Deciding whether or not one still needs a computer book is not always an easy task, though, especially for a packrat like myself. There were a number of more or less objective questions I applied:

  • Have I used this book (or the computer program it relates to) within the past 5-10 years?
  • How likely is it that I will ever have occasion to use this book again?
  • If I got rid of this book and found I did need the information it contains, how easy would it be for me to get that information from some other source?

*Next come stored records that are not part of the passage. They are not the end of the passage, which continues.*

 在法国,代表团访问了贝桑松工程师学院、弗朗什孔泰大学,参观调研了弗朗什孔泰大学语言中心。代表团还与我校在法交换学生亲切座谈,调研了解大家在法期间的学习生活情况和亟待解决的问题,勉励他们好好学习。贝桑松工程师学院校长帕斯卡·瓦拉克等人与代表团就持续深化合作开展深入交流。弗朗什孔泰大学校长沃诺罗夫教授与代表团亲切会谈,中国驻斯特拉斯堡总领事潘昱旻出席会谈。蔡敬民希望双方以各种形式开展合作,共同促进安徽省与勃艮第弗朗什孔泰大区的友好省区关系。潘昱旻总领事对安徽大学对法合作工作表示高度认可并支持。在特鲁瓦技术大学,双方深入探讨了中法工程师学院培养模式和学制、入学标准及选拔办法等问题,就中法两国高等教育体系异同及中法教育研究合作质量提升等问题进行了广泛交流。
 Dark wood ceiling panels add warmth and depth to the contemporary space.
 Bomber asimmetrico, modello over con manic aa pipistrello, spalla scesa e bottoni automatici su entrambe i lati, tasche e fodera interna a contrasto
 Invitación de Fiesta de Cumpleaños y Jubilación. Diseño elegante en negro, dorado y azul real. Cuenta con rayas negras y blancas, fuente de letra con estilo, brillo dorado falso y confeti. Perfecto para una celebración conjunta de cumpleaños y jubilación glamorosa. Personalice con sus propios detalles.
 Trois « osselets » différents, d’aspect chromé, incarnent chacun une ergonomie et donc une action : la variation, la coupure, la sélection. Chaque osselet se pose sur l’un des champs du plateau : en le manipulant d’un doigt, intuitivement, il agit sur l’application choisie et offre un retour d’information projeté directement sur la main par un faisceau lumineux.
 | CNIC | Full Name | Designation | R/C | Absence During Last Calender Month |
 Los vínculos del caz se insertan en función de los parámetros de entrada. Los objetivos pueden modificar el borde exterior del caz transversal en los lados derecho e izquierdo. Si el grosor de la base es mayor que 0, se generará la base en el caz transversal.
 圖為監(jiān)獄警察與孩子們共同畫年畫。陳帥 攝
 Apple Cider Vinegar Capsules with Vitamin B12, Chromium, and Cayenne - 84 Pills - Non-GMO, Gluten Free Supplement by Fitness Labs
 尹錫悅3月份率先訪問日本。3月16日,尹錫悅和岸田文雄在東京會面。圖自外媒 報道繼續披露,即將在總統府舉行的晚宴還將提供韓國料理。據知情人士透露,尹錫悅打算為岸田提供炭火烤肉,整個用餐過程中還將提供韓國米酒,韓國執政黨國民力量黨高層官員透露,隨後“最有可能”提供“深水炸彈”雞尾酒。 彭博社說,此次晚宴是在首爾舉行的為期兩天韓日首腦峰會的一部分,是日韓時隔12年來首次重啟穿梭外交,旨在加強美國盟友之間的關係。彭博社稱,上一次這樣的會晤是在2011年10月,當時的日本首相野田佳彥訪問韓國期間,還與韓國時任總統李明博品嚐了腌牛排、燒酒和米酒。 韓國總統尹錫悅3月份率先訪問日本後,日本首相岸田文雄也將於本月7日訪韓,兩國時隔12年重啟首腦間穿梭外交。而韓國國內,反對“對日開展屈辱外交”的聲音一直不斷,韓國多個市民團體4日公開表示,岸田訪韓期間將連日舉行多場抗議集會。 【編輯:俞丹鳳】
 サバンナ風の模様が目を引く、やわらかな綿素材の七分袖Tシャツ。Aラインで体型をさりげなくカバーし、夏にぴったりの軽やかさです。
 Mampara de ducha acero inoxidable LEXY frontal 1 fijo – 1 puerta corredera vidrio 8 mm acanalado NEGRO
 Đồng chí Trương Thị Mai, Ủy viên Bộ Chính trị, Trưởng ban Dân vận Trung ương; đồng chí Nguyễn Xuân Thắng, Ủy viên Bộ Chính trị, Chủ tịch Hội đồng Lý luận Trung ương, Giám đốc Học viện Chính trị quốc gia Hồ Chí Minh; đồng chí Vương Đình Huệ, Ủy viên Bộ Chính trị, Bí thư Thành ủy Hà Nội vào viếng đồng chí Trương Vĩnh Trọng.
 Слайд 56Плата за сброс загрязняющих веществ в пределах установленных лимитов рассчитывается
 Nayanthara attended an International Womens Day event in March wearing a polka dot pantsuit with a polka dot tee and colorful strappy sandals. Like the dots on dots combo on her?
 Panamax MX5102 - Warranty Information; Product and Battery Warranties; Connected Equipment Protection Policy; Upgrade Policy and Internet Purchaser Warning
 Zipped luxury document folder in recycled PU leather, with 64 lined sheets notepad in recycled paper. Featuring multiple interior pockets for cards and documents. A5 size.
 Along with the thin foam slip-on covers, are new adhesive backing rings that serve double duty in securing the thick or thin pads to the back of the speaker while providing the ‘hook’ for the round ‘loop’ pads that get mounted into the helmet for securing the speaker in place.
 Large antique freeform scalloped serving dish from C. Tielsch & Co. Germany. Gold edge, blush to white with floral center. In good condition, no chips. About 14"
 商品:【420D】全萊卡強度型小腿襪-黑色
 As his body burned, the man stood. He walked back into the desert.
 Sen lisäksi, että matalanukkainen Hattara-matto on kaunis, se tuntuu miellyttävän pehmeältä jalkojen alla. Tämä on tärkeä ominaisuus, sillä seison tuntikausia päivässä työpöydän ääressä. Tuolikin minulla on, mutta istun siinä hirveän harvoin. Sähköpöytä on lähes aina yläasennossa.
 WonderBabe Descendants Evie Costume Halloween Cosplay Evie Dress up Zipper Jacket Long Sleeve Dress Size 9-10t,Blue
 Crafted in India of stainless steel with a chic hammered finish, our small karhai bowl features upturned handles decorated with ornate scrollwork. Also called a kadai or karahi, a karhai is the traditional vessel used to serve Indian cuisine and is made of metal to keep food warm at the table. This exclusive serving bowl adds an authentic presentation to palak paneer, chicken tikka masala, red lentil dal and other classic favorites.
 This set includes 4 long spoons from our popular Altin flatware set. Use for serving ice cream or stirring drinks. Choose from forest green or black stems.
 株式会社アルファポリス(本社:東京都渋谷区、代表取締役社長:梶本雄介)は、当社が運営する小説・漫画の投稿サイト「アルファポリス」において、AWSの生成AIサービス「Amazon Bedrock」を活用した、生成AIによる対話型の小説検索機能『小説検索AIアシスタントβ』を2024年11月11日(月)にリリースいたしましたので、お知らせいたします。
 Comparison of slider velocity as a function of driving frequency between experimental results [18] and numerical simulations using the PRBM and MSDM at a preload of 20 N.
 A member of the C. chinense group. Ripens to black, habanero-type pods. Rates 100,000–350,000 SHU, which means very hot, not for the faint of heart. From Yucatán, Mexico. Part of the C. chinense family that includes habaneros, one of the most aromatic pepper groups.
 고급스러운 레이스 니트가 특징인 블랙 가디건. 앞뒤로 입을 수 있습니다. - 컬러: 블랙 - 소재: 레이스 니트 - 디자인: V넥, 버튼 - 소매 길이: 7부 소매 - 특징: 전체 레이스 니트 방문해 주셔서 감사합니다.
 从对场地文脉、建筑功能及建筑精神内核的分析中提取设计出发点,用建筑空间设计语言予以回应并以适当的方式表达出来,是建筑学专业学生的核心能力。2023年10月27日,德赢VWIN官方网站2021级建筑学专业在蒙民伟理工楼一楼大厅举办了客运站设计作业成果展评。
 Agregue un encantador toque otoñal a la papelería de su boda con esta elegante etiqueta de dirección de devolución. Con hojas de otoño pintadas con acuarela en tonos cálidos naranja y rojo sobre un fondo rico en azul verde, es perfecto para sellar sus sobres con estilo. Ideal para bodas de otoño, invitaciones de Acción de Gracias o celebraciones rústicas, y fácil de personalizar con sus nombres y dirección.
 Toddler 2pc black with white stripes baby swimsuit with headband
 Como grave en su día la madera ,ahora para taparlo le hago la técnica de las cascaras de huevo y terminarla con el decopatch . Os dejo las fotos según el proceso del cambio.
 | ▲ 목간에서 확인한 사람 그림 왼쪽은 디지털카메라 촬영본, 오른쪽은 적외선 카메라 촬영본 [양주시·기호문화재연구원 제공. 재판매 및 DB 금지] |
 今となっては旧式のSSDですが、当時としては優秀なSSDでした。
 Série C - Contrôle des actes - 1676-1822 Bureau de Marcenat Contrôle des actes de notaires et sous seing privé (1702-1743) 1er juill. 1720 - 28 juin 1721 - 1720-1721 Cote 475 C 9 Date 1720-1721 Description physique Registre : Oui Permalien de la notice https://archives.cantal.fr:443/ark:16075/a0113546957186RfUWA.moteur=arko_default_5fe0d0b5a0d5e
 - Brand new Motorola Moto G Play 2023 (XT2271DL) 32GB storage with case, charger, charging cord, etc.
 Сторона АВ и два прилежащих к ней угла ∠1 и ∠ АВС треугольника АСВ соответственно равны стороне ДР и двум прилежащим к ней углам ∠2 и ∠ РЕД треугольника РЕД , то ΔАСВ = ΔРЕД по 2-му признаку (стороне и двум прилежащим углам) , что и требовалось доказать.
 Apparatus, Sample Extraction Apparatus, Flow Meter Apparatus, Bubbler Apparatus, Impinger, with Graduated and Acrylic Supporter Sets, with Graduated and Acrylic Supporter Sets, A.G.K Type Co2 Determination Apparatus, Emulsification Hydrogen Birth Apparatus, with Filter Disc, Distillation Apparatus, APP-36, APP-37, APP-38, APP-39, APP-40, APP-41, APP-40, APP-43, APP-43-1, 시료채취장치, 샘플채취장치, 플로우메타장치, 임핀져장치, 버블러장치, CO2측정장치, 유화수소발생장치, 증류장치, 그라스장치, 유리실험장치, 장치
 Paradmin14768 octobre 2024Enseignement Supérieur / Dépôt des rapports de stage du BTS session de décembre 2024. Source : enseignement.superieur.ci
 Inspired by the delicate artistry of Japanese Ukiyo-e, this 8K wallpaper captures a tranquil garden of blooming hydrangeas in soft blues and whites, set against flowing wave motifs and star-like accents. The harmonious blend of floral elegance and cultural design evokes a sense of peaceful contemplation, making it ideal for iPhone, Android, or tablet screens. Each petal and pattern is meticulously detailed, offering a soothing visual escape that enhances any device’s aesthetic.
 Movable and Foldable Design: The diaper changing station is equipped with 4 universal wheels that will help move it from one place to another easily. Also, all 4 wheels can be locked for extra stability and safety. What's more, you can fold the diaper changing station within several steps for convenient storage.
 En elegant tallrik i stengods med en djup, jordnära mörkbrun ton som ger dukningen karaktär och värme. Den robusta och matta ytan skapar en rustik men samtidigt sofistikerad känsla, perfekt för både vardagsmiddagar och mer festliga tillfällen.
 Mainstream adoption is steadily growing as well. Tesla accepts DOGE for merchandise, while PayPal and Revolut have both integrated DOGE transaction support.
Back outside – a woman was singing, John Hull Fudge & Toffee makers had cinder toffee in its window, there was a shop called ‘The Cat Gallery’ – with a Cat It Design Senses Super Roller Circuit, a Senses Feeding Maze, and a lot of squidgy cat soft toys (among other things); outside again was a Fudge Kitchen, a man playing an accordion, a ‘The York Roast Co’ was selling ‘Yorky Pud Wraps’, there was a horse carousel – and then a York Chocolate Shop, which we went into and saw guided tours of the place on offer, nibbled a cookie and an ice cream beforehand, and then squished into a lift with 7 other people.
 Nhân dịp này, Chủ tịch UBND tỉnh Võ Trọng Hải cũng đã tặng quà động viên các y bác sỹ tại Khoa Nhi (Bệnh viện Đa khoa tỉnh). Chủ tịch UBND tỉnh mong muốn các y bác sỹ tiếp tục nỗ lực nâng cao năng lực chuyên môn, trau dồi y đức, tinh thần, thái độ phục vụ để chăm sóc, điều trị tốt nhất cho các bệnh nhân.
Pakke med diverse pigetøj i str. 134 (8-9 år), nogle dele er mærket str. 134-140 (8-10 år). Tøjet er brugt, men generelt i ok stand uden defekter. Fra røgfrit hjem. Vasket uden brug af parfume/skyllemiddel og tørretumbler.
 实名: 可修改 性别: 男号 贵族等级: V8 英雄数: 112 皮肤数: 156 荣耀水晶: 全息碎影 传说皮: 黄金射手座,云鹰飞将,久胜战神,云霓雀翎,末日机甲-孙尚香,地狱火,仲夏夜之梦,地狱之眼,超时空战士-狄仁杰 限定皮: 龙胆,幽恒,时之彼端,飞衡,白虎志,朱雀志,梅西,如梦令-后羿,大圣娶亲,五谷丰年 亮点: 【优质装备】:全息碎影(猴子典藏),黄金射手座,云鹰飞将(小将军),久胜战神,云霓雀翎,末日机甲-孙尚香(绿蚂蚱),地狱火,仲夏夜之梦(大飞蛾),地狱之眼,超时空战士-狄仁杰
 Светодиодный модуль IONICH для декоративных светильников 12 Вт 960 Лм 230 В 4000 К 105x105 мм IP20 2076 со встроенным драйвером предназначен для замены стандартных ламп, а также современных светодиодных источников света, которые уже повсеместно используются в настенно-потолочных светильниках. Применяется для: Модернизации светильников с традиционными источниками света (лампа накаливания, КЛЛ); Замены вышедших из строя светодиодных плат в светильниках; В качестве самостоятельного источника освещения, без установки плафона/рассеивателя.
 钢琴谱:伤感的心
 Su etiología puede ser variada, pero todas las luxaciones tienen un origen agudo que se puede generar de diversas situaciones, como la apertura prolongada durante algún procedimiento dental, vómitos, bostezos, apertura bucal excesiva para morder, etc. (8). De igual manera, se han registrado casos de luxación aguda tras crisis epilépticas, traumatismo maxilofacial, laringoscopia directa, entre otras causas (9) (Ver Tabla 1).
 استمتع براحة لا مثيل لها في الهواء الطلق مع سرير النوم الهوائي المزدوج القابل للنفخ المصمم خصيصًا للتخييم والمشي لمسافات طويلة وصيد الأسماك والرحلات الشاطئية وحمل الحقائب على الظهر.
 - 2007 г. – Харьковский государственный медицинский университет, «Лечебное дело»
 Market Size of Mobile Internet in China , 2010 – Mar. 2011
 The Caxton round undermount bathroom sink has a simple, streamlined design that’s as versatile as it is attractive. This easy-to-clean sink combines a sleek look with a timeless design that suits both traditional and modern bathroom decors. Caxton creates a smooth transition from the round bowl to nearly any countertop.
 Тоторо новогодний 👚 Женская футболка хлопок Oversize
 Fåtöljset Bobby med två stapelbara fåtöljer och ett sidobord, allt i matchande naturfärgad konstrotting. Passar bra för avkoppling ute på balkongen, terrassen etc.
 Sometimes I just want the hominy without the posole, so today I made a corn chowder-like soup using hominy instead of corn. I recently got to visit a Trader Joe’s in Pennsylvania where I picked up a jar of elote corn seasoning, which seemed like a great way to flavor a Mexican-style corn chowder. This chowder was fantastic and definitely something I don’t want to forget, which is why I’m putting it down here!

Asking and answering questions such as the foregoing, I found a few books I could definitely part with, a larger set I definitely was not ready to part with (for now), and some that I just couldn't decide on one way or the other. For books no longer needed, one may have various options (depending on the book):

  • Donate it (charity bookstore, friend/relative)
  • Sell it (Ebay, Amazon, used bookstore, etc.)
  • Dump/Recycle it (Some books are just so obsolete that the cost of locating someone who could use it exceeds the value of the book - Like that manual for that peripheral you no longer own which hasn't been made in almost 10 year as and was never very popular even then)

Then there were the books I definitely wanted to keep for now - No problem there - Into the bookcase! That left the still large category items I might still want to refer to someday, but really am not using now. For these I decided on an intermediate approach, grouping said items into boxes, labeling the box as to the contents (and the date for good measure), and sticking the box into an out-of-the-way corner or closet. I realize this is not a perfect solution (one would eventually run out of spaces in which to stick boxes), but for now I feel pretty good about it. It gets things looking neater, preserves bookcase space for the higher priority items, and if I do need that old book on C++ techniques or the basics of Pascal, I know where it is.

Happily there is some hope that computer book clutter will accumulate at a slower rate in the years to come. With a larger portion of the information I use coming via the internet or CD's, it should take up less space, a boon for the office and the environment!